We can check that the dataframe for the F input has indeed been loaded:
sample['F'].head()
| f1 | |
|---|---|
| 0 | -0.000046 |
| 1 | -0.041758 |
| 2 | -0.034587 |
| 3 | -0.004379 |
| 4 | -0.012440 |
Method 2: Load by supplying pandas DataFrames¶
This method is straight-forward. Simply supply a dataframe for each key:
import pandas as pd
X_df = pd.read_csv("../../../data/test_samples/cec2010_c01_2d_F1_V2/cec2010_c01_2d_F1_V2_X.csv", sep=" ")
F_df = pd.read_csv("../../../data/test_samples/cec2010_c01_2d_F1_V2/cec2010_c01_2d_F1_V2_F.csv", sep=" ")
sample = {
"X": X_df,
"F": F_df,
}
# load the sample
load_data(sample)
Method 3: Loading via domain and function specification¶
This method allows you to specify a sample declaratively. For the X key, one specifies the domain of the search space along with the sampling strategy via a Sampler object.
Currently pyXla supports 3 continuous sampling techniques:
To use random walk sampling, import the RandomWalkSampler class:
from pyxla.sampling import RandomWalkSampler
Instantiate the sampler:
sampler = RandomWalkSampler(
sample_size=100, step_size=1, dim=2, return_neighbourhood=True
)
For the remaining input keys, Python functions are supplied. Thus, we can define and load a sample as:
import random
sample = {
"X": sampler,
"F": lambda x: (x**2).sum(),
"V": lambda x: ((x**2).sum() - 3),
"D": lambda x1, x2: ((x1 - x2)**2).sum(), #must take a pair of arguments and real number
"N": lambda x1, x2: random.choice([True, False]) # must take a pair of arguments and return a bool
}
# load the sample
load_data(sample)
We can confirm that, for instance the N input has been loaded.
sample['N'].head()
| id1 | id2 | |
|---|---|---|
| 0 | 0 | 3 |
| 1 | 0 | 4 |
| 2 | 0 | 6 |
| 3 | 0 | 7 |
| 4 | 0 | 8 |
All the methods can be mixed¶
We can supply values to the input keys using file paths, URLs, dataframes and functions:
sample = {
"X": X_df, # dataframe
"F": [lambda x: (x**2).sum(), lambda x: x.sum()], # multiple objectives
"max": [True, False],
"V": lambda x: ((x**2).sum() - 3),
"D": "../../../data/test_samples/cec2010_c01_2d_F1_V2/cec2010_c01_2d_F1_V2_D.csv", # file path
"N": lambda x1, x2: random.choice([True, False])
}
# load the sample
load_data(sample)
The max and representation Keys¶
The max key¶
The max key is used to specify whether the objective(s) should be maximised or not.
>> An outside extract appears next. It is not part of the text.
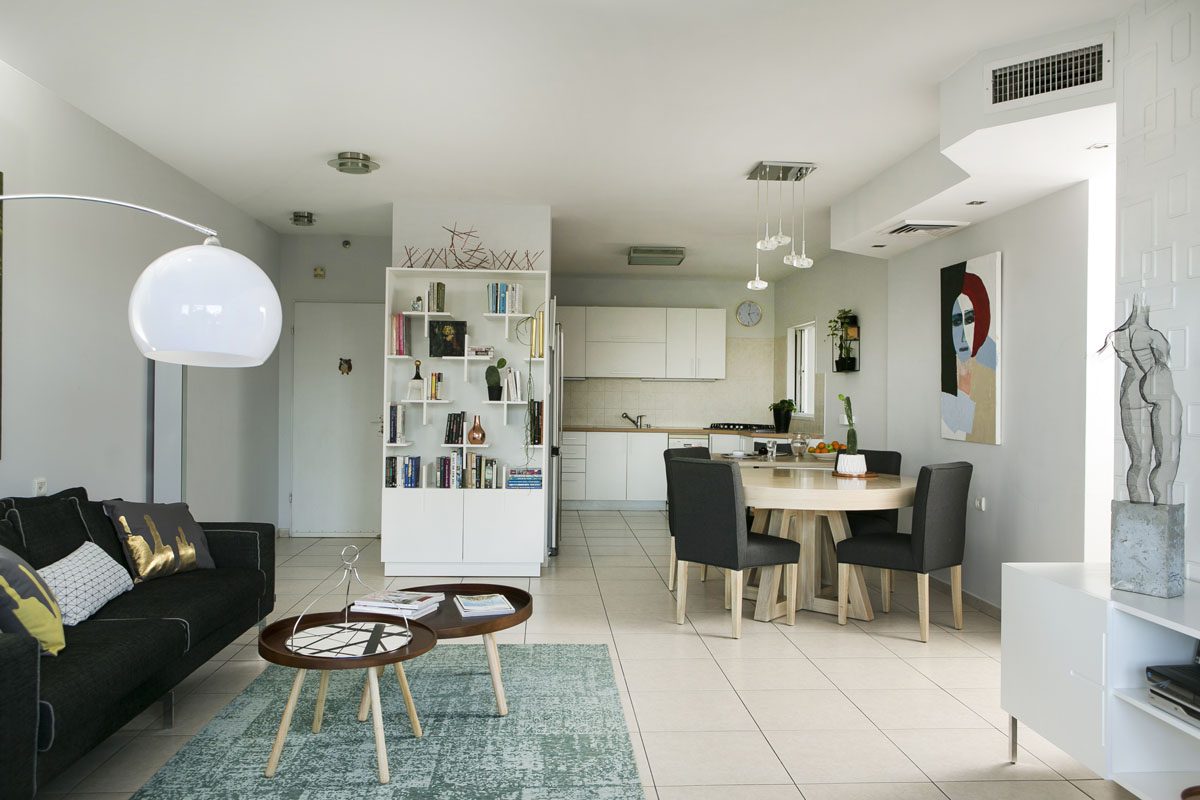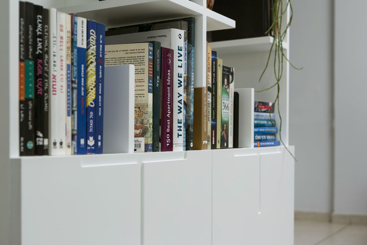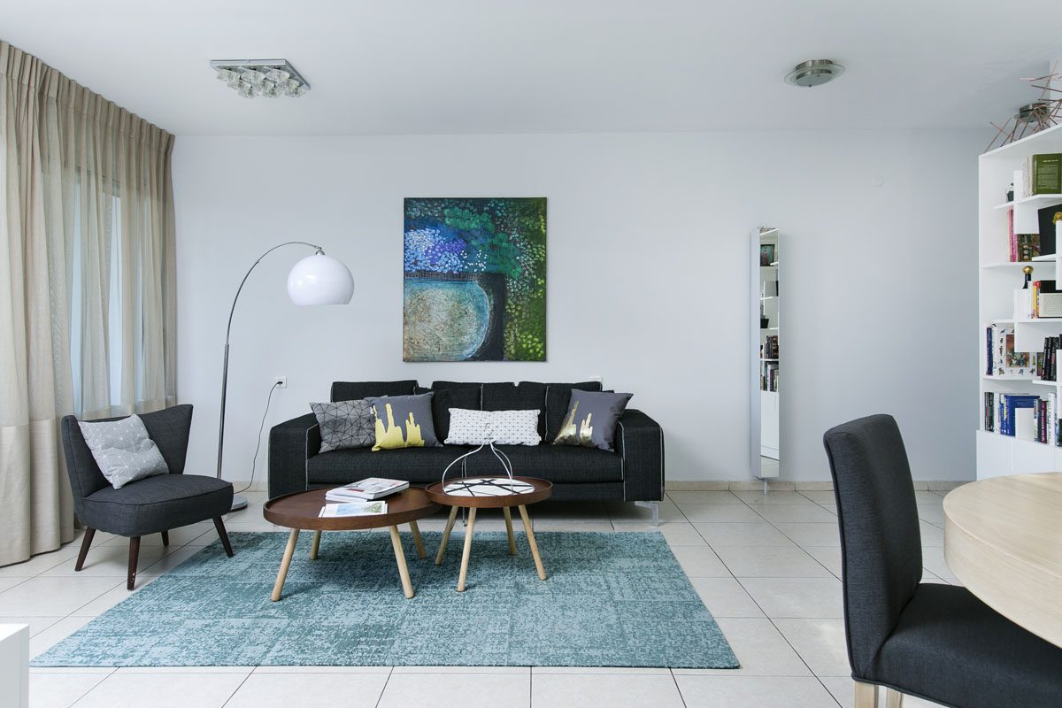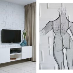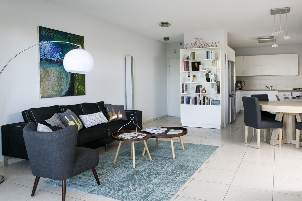 עיצוב והלבשת החלל הציבורי בדירה, עבור זוג – ספרנית ומהנדס. כולל תכנון פריטי נגרות ייחודיים, חיפויי הקירות, הריהוט, פריטי האמנות והאביזרים להשלמת המראה הנעים והאלגנטי של הדירה.

If the max key is not supplied, pyXla assumes minimisation by default. To specify that the objective should be maximised simply supply:
sample = {
#...
"max": True
#...
}
If there are multiple objectives you can specify a boolean value for each, or simply supply a single boolean value the objectives are treated similarly:
sample = {
#...
"max": [True, False]
#...
}
The representation key¶
The representation key is (optionally) used to specify whether the sample is from a discrete or continuous domain.
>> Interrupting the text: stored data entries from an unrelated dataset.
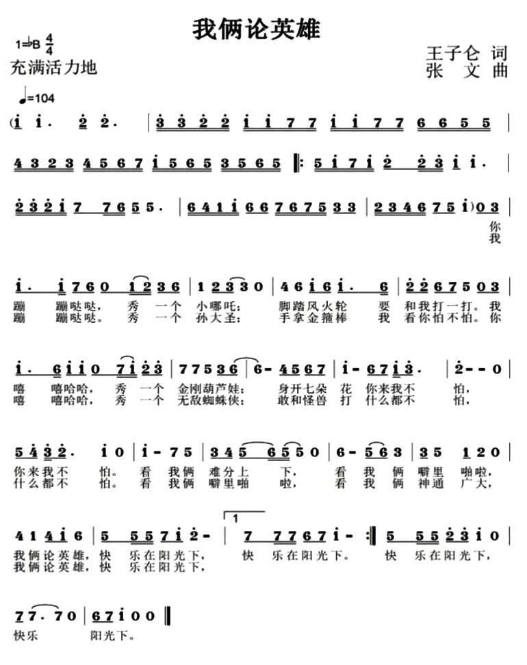 我俩论英雄简谱,我俩论英雄歌曲简介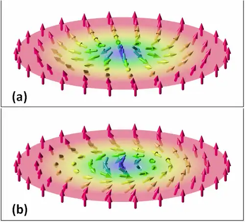 - ^ Kiselev NS, Bogdanov AN, Schafer R, Rossler UK (2011). "Chiral skyrmions in thin magnetic films: new objects for magnetic storage technologies?". Journal of Physics D: Applied Physics. 44 (39): 392001. arXiv:1102.2726. Bibcode:2011JPhD...44M2001K. doi:10.1088/0022-3727/44/39/392001. S2CID 118433956.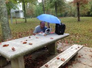 Mike Hiestand of the Tinker Tour works out of his temporary office at Tennessee’s Norris Dam State Park Oct. 3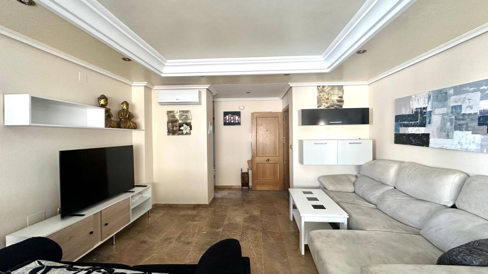Amplio Apartamento en San Julián – 3ª Planta con Terraza y a 450 m del Puerto de Torrevieja Presentamos esta magnífica vivienda situada en la tercera planta de un edificio en una de las zonas más prácticas y bien comunicadas de Torrevieja. A tan solo 450 metros del puerto y del paseo marítimo, este apartamento combina amplitud, ubicación y comodidad. Características principales: 101 m² construidos, bien aprovechados y con excelente distribución. 4 habitaciones, perfectas para familias numerosas, despacho, invitados o como opción para alquiler vacacional. Salón comedor amplio, con buena entrada de luz natural, ideal para momentos de descanso y convivencia. Cocina independiente, práctica y con espacio para almacenamiento. 2 cuartos de baño, uno de ellos integrado en el dormitorio principal, convirtiéndolo en una suite para mayor privacidad y confort. Salida a terraza, un espacio exterior muy valorado donde podrás disfrutar del clima mediterráneo. Ubicación excelente, a pocos pasos del puerto, del centro de Torrevieja, supermercados, colegios, centros médicos, comercios y transporte público. Una oportunidad ideal para vivir todo el año, disfrutar de estancias vacacionales o como inversión por su cercanía al mar y gran tamaño. Contáctanos sin compromiso para más información o concertar una visita. ¡No dejes pasar esta oportunidad!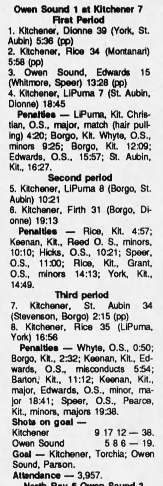 October 22 1989- Owen Sound @ Kitchener (11-2 Kitchener)
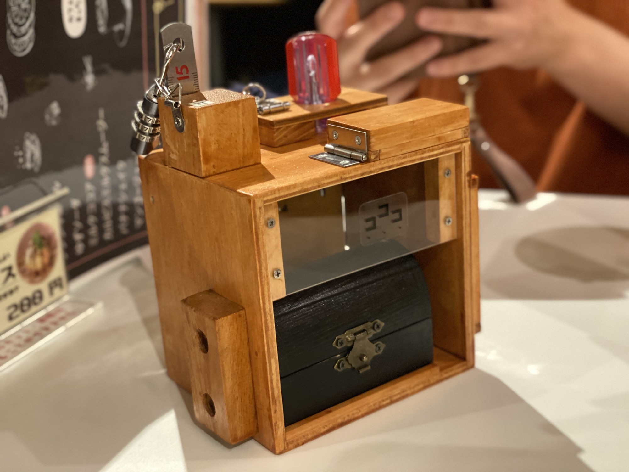 ネタバレ厳禁なので↑の謎解き前の写真しかお見せできないのですが、中にある宝箱をなんとかして取り出したうえで、更にその宝箱の中にある謎を解くような流れになっています

It can as values the following strings: discrete, binary or continuous. If specified this allows pyXla to use sensible default when computing information such as distance. For instance:
sample = {
#...sample has no D input
"representation": "continuous"
#...
}
Suppose that the sample above has no D input, i.e. it lacks distance information. If the representation key is specified, pyXla will use Euclidean distance by default to compute distance information should feature that utilises distance be invoked.